RAW DATA
╭──
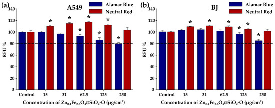 Cytocompatibility of Zn0.4Fe2.6O4@SiO2-O clusters on (a) A549 and (b) BJ cell line after a 24 h exposure. Data are presented as relative fluorescence units (RFU) as compared to the negative control (100%), as mean ± SD of three biological replicates. The significant differences compared to the negative control (ANOVA + Dunn’s; p < 0.05) are noted with asterisks (*).
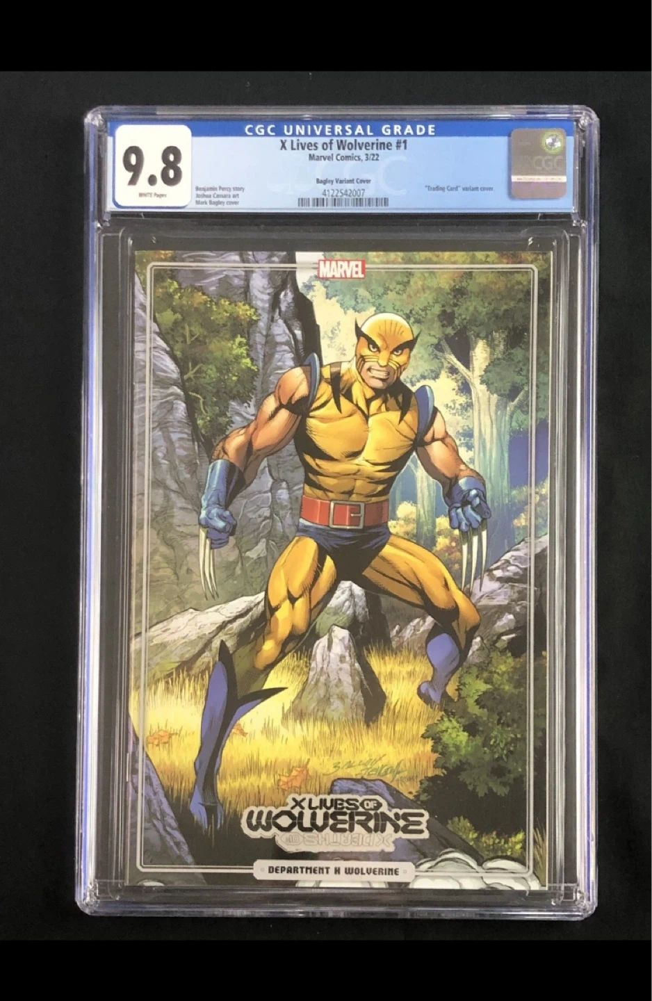 The X-Lives of Wolverine #1 CGC 9.8 Marvel 2022 Bagley Trading Card Variant is a highly sought-after comic book featuring Wolverine (Logan) from the X-Men superhero team. This single issue variant cover by Mark Bagley, with a story by Benjamin Percy, is part of the X-Lives of Wolverine series published by Marvel Comics. With a modern age era and action-packed genre, this comic is a must-have for collectors and fans of the Marvel Universe.
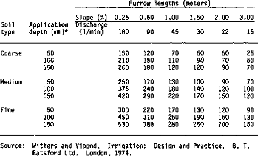 Table 10-4 shows some typical lengths and slopes for furrow systems. Because of the many variables involved, a good operating rule is that water should reach the end of the furrow within 25 percent of the total time for one irrigation. That will provide about 25 percent more irrigation at the top of the field than at the lower end. Water to irrigate a furrow can be applied at a high rate at the beginning of the period and then reduced as the soil becomes wetted. That reduces the time required for water to reach the end of the furrow and prevents excessive loss later from the end of the furrow. Also, a dam may be placed at the end of the furrow to pond water and increase infiltration rate.
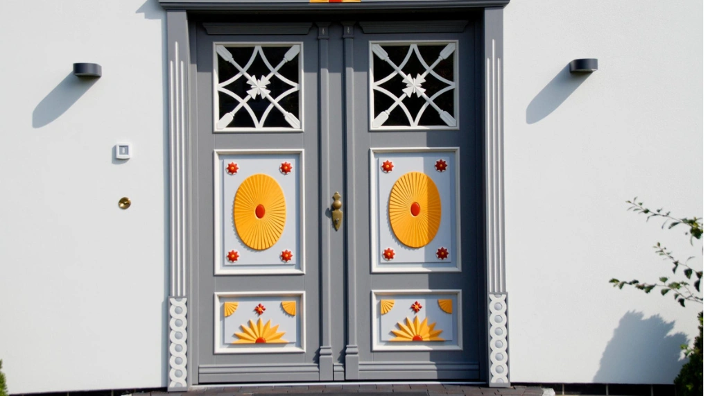 Pintu kupu tarung pada gambar ini memiliki model double door dengan bingkai berwarna abu-abu yang kalem. Pintu ini dihiasi dengan ornamen-ornamen unik berwarna oranye dan merah yang memberikan sentuhan cerah dan berkarakter.
╰──
ACTIVITY
What you return should be the exact lines from the one containing "The X-Lives of Wolverine #1" through the end of the listing above, both included, minus any pictures.

TASK ANSWER
 The X-Lives of Wolverine #1 CGC 9.8 Marvel 2022 Bagley Trading Card Variant is a highly sought-after comic book featuring Wolverine (Logan) from the X-Men superhero team. This single issue variant cover by Mark Bagley, with a story by Benjamin Percy, is part of the X-Lives of Wolverine series published by Marvel Comics. With a modern age era and action-packed genre, this comic is a must-have for collectors and fans of the Marvel Universe.
 Table 10-4 shows some typical lengths and slopes for furrow systems. Because of the many variables involved, a good operating rule is that water should reach the end of the furrow within 25 percent of the total time for one irrigation. That will provide about 25 percent more irrigation at the top of the field than at the lower end. Water to irrigate a furrow can be applied at a high rate at the beginning of the period and then reduced as the soil becomes wetted. That reduces the time required for water to reach the end of the furrow and prevents excessive loss later from the end of the furrow. Also, a dam may be placed at the end of the furrow to pond water and increase infiltration rate.
 Pintu kupu tarung pada gambar ini memiliki model double door dengan bingkai berwarna abu-abu yang kalem. Pintu ini dihiasi dengan ornamen-ornamen unik berwarna oranye dan merah yang memberikan sentuhan cerah dan berkarakter.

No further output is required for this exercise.